The course will not cover any kind of data-gathering techniques.  We will assume that you have or can get some raw data to work with. If you think you need more skills in collecting data, you should consider another course that covers this, such as Ling 203 or Ling 155B.  You might also benefit from contacting Neal Snider, the corpus TA, who can help you with browsing and collecting data from the large variety of natural language corpora that are available at Stanford.  Take a look at the Linguistics corpora webpage for more information: http://www.stanford.edu/dept/linguistics/corpora/

Course Objective

For students to be able to understand, build, and test probabilistic models of linguistic phenomena.

Contact Info        

Christopher Manning

Roger Levy

Office: Gates Bldg. Room 158

Office: Gates Bldg. Room 114

Office Hours: Tue 3-4, Wed 2-3

Office Hours: Mon 10-11, Thurs 10-11

Phone: (650) 723-7683

Phone: (650) 725-6965

Fax: (650) 725-2588

Fax: (650) 723-5666

E-mail: manning@stanford.edu

Email: rog@stanford.edu

 

Prerequisites

  • A course in syntax
  • Some quantitative data, or the knowledge and means for collecting some

Intended Audience

Graduate students and advanced undergraduates specializing in linguistics or symbolic systems.

 

Reading and Work

Pre-reading

If you’d like to get a head start on things it’d be good to know about in this course, here are the recommendations:

  • If you know little about probability, then it’d be good to know more! One good place to start would be John Goldsmith’s tutorial, Probability for linguists available in Microsoft Word or converted to HTML.  Much the same material and some additional material is covered more concisely in chapter 2 of Christopher Manning and Hinrich Schütze, Foundations of Statistical Natural Language Processing. MIT Press, 1999. You can read the first few pages at Amazon.
  • If you’d like to get into the kind of material that will be dealt with in this course, here’s a survey chapter on Probabilistic Syntax by Chris, available in PDF or PS format.

Reading

There is no required text.  Readings and handouts will be distributed.
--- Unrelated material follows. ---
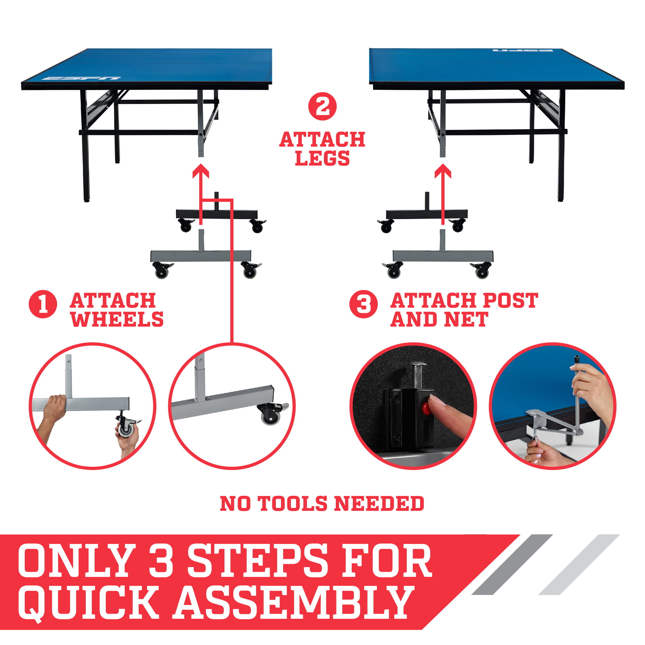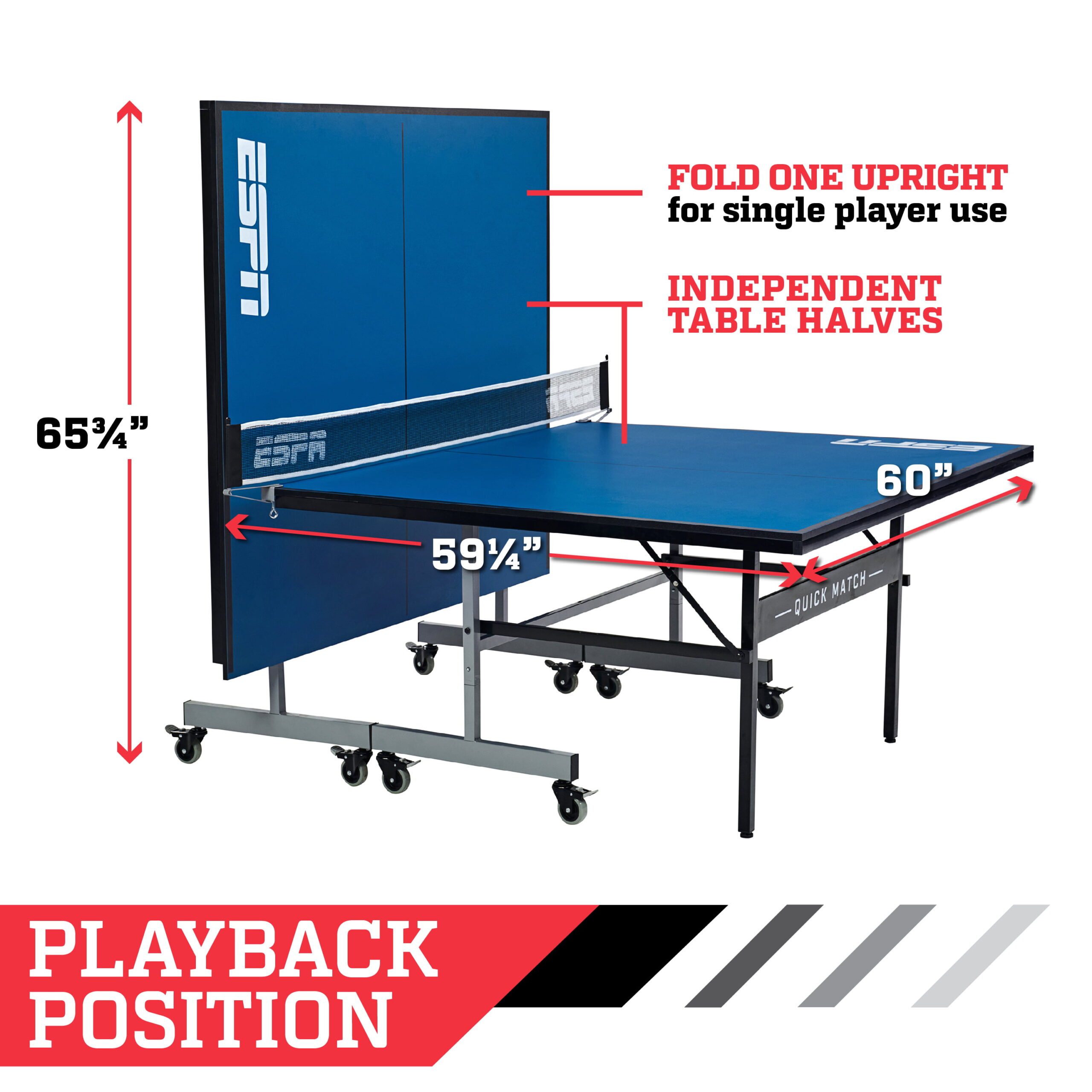 ESPN Official Size 2 Piece 15mm Indoor Quick Match Table Tennis Table, Blue

Copies of materials available electronically will be posted here, and hard copies will be distributed in class.

Obtaining and using SPSS

You can use SPSS on a Windows, Macintosh, or Unix machine.  SPSS is pre-installed on one of the Windows machines and one of the Macintosh machines in the Linguistics department computer cluster.  A relatively old version is also pre-installed on most of the Sweet Hall SUN UNIX machines, including the elaines, the trees, and junior.  There are also available copies in the library: on Windows machines 1-6 in the Jonsson Reading Room, and on Macs in Meyer Library. However, we highly recommend that you obtain your own current copy for use on your own computer.  The best way to do this seems to be to license a full version of SPSS for a year through Stanford at the following website:

              http://www.stanford.edu/services/softwarelic/product_spss.html

It’s cheaper to buy yearly licenses in bulk, so please let us know soon if you want to get a yearly license and we’ll make a group order. (Note: the "student" edition of SPSS is too crippled to be useful; the "gradpack" is perfectly functional.)
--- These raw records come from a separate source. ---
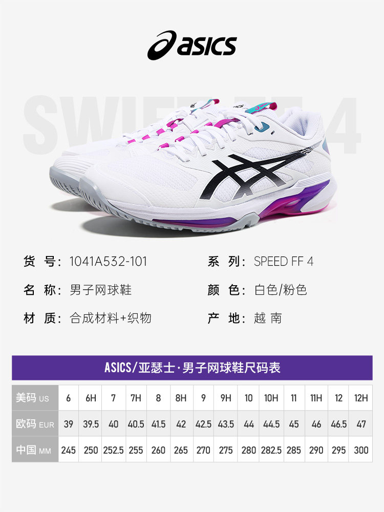 Теннисные кроссовки Asics для мужчин 26 лет AO для игроков Открытого чемпионата Австралии по теннису в одном стиле с амортизацией SOLUTION SPEED FF 4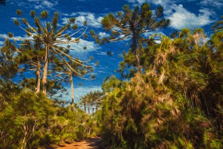 Dirt pathway in a forest with pine trees at Aparados da Serra National Park, near Cambara do Sul. A small country town in southern Brazil with amazing natural tourist attractions. Oil Paint filter.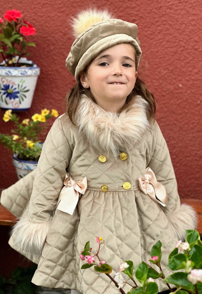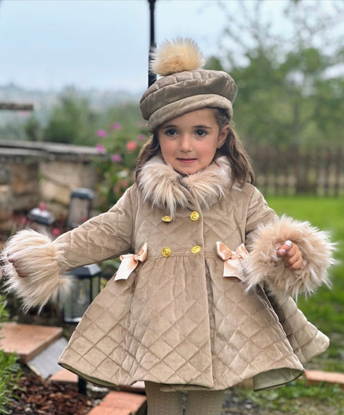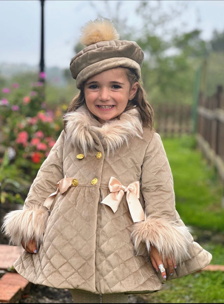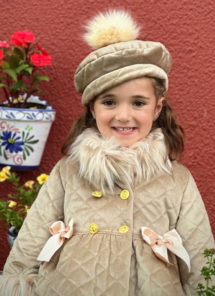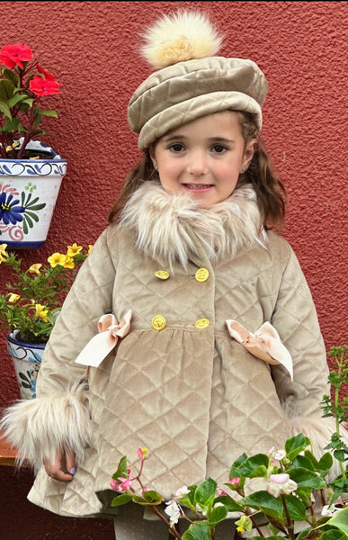 Sonata Infantil luxury Spanish girls camel/Pink velvet coat with bows, fur trim and gold button fastening True to size fitting. The beret is not included, but is available to order seperately. This item is made to order and takes approximately 8 weeks to arrive from the order date (if you need the item sooner please message us to discuss this)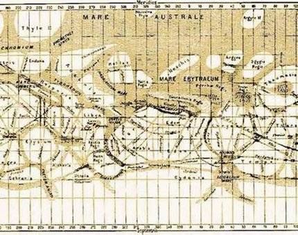 1877年,意大利天文学家“斯基亚帕雷利”(Schiaparelli)在通过望远镜观测火星时发现,火星表面存在着一系列纵横交错的直线状网络。他根据观测结果绘制了一幅详细的火星表面沟渠分布图,当时这些沟渠被称为“火星运河”。
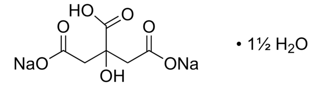 Sodium hydrogen citrate sesquihydrate is suitable reagent to investigate the mediatorless laccase cathodes as half-cell electrode under galvanostatic load by using a two-compartment set up. It may be used in the extraction of organ/tissue sample using QuEChERS (Quick, Easy, Cheap, Effective, Rugged, and Safe) extraction methods. It is suitable for use in the analysis of multiclass pesticides by multiresidue method based on the sample preparation by modified QuEChERS and detection by GC coupled to single quadruple mass spectrometery.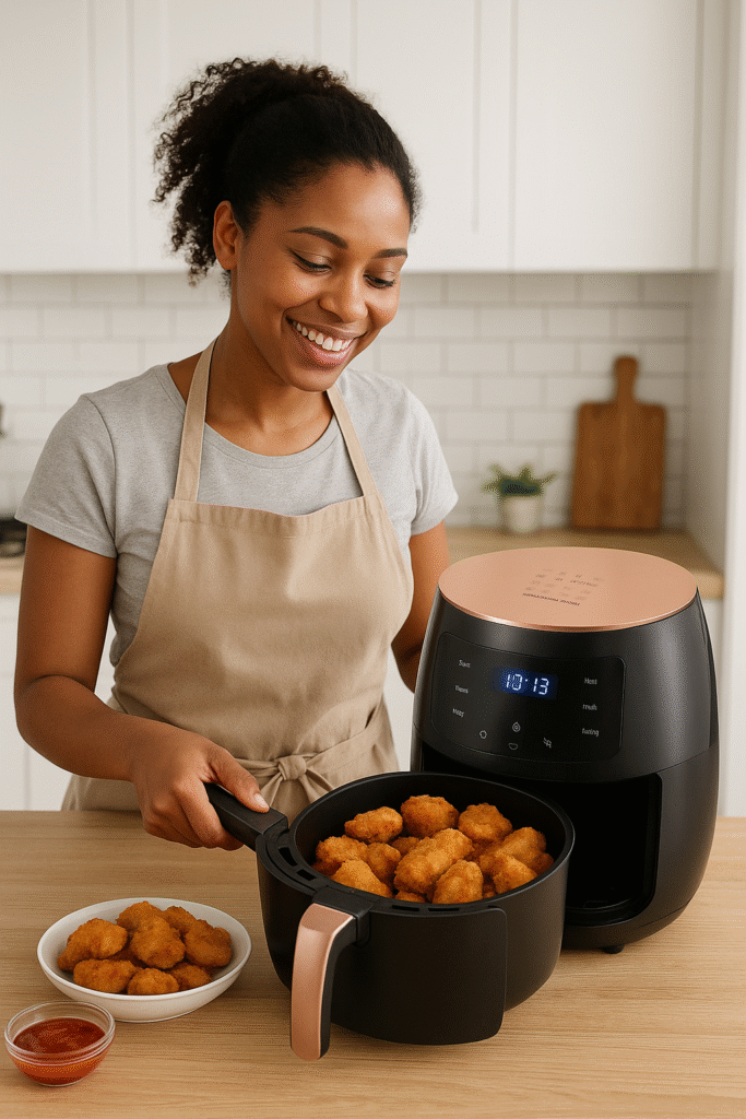 Perfect for families, gatherings, or meal prepping. Cook large portions of chicken, fries, fish, vegetables, pastries, and more — all in one go.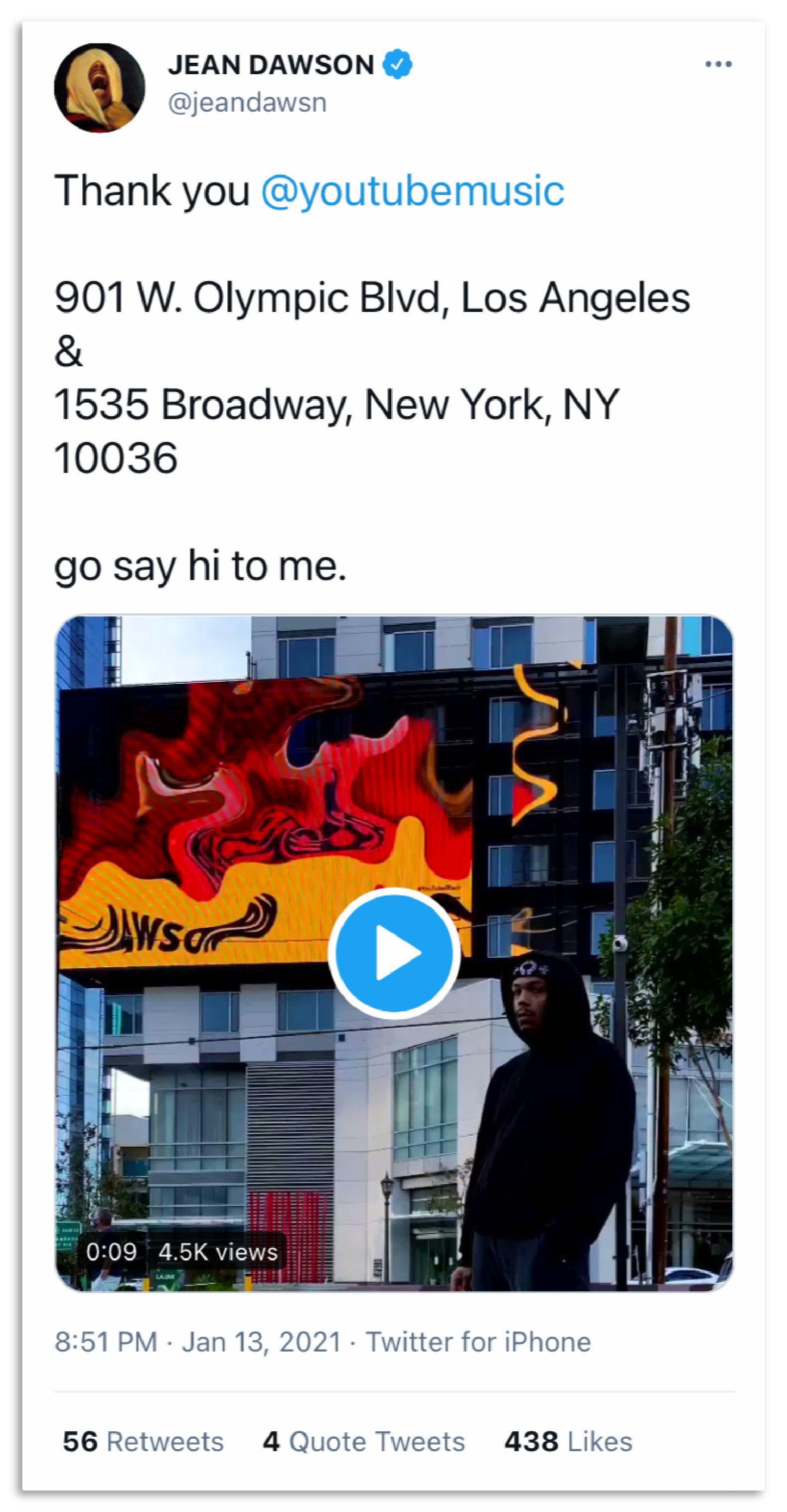 YouTube Music's RELEASED playlist serves as a way for music lovers to find the hottest new tracks from today's top talent within the music industry. Coinciding with the update of the playlist every Friday are billboards (placed in New York, Los Angeles, and London).

Finally, you can download a free 14-day evaluation copy of SPSS for Windows through the SPSS website: http://www.spss.com

Work and Grading

The course work will be:

  • 6 assignments [written, may require use of computers/Web] (10% each)
  • Presentation of a paper or part of a paper (0%)
  • 1 final paper prospectus (0%)
  • 1 final project. This can be on a topic of your choice within the domain of the course. The form of the project is to design an assignment based around a dataset and quantitative analysis of it, and to provide a solution to the assignment  (40%)

The other expectation is reading papers and participation in class presentations.